I'm fearful of the explosion this would cause, and wonder if we could do something based on structs. Like if tests/gas made Primitive and Conservative indexable, then we could have conversion routines to Vector with impl AsVector for Primitive defining the length and conversion between the struct and array representations. The intent here is that adding a Vector to a Vector would name those types in its error message, rather than extreme verbosity of each entry. This is a rough sketch and may have serious issues -- it feels like a messy problem.

That is an interesting idea. If I understand you correctly, we'd have some sort of derive macro for structs with heterogeneous dimensions that automatically implements AsVector where the return value isn't just a vector but some "safe" wrapper around a vector that tracks where that vector came from (i.e. whether it came from Primitive or Conservative). The trick would be that we simplify the problem by not being express any heterogeneous vector, but only specific ones the user needs. This should allow us to enumerate them at compile time and track that operations between them are safe.

All of that should be possible to autogenerate, but then we'd still need support for transformations between the two representations, i.e. heterogeneous matrices that have some kind of AsMatrix implementation that turns them into something that can be passed on to a linear algebra library.

In my applications, the small matrices/vectors are assembled into large ones (dimension in the millions), with some rows/columns eliminated for boundary conditions so there isn't a trivial pattern identifying dimensions for any given entry (and in any case, the size is also not known at compile time). As for libraries suitable for the large sizes, faer is by far the most interesting. I think it's not super relevant here because typing likely only applies to statically-dimensioned matrices. nalgebra is probably the most popular for statically sized matrices.

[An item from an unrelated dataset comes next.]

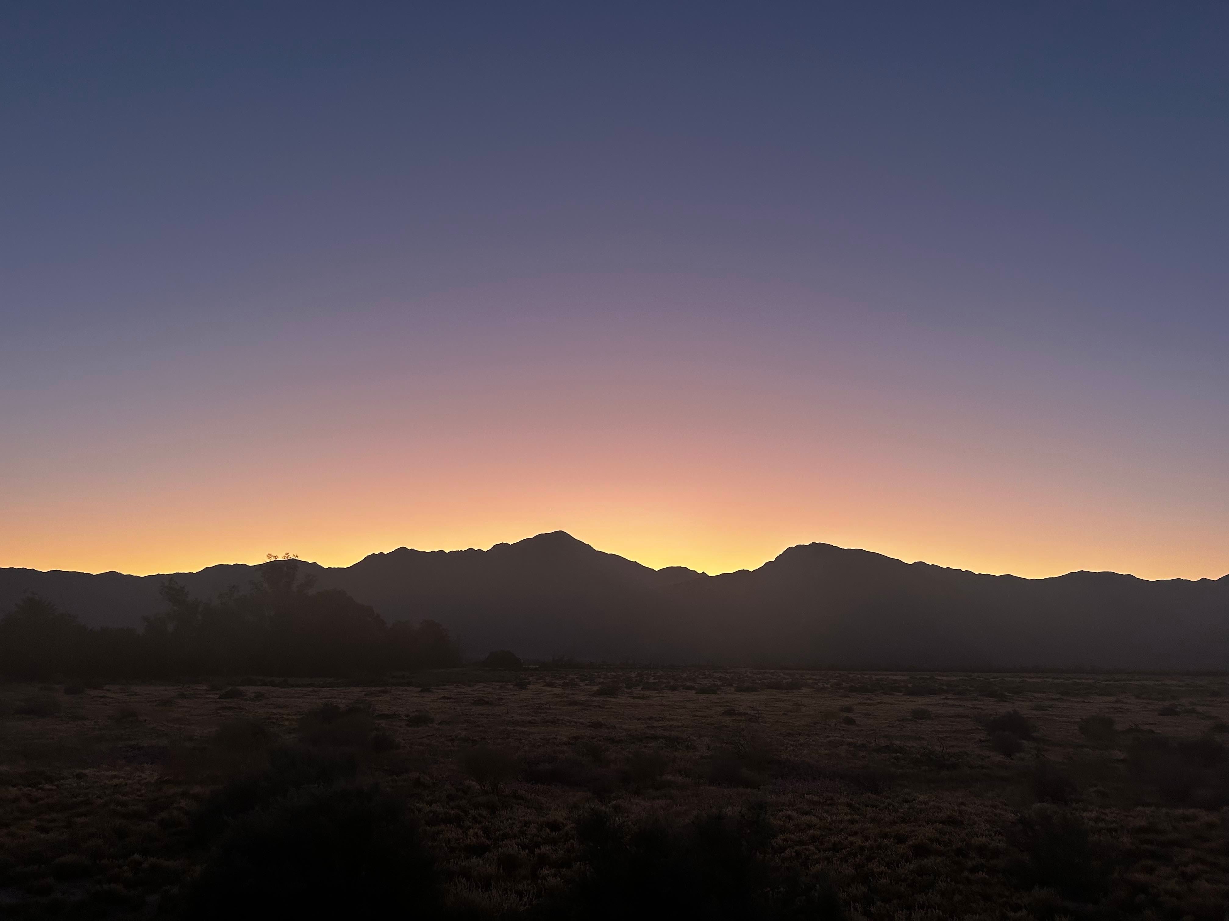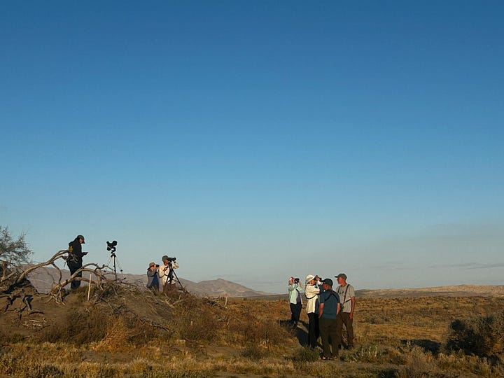 I woke up Tuesday to the sound of coyotes and chickens and barking dogs. The sounds of the desert, in this case, the Sonoran Desert. I saw a coyote as I was circling the fields north of Palm Canyon Road, which cuts across the Borrego Valley floor, looking for the evening Hawkwatch. Nearly 600 feet above sea level, the surrounding mountains— Santa Rosa, San Ysidro, and Vallecito — are all between 3000 and 8000 feet. An hour before sunset, the crew started to arrive ready to witness the incoming birds from a small dune a few feet off the side of the road. The evening watch assesses what the morning watch — who does the official count — can expect. Two days before, 100 Swainson’s Hawks had come through. On Sunday they had 15 birds.

One thought on this: It might be possible to do some dimensional analysis at run-time too. For example if we had some kind of mutable matrix, we could define

struct DimensionedMatrix {
    m: Matrix,
    row_dimensions: Vec<Dimension>,
    column_dimensions: Vec<Dimension>,
}

where Matrix is some dynamically-sized type from a library of our choice. We could then fill the matrix via something like

fn add_entry<const D: Dimension>(matrix: &mut DimensionedMatrix, i: usize, j: usize, q:  Quantity<f64, D>) {
    matrix[i][j] = q.value_unchecked();
    match matrix.row_dimension(i) {
        Some(dimension) => assert_eq!(dimension, D);
        None => matrix.store_row_dimension(i, D);
    } 
    match matrix.column_dimension(j) {
        Some(dimension) => assert_eq!(dimension, D);
        None => matrix.store_column_dimension(j, D);
    }
}

of course this comes at performance and memory cost, so it might be something you only want to do in test runs to verify the code and then have it disabled for actual runs. Then again, the runtime cost would be O(n m) with O(n+m) memory, so maybe it might even be tolerable in some applications? Of course I am leaving many implementation details to the imagination here, but I am mainly wondering if this is something that would be interesting in applications?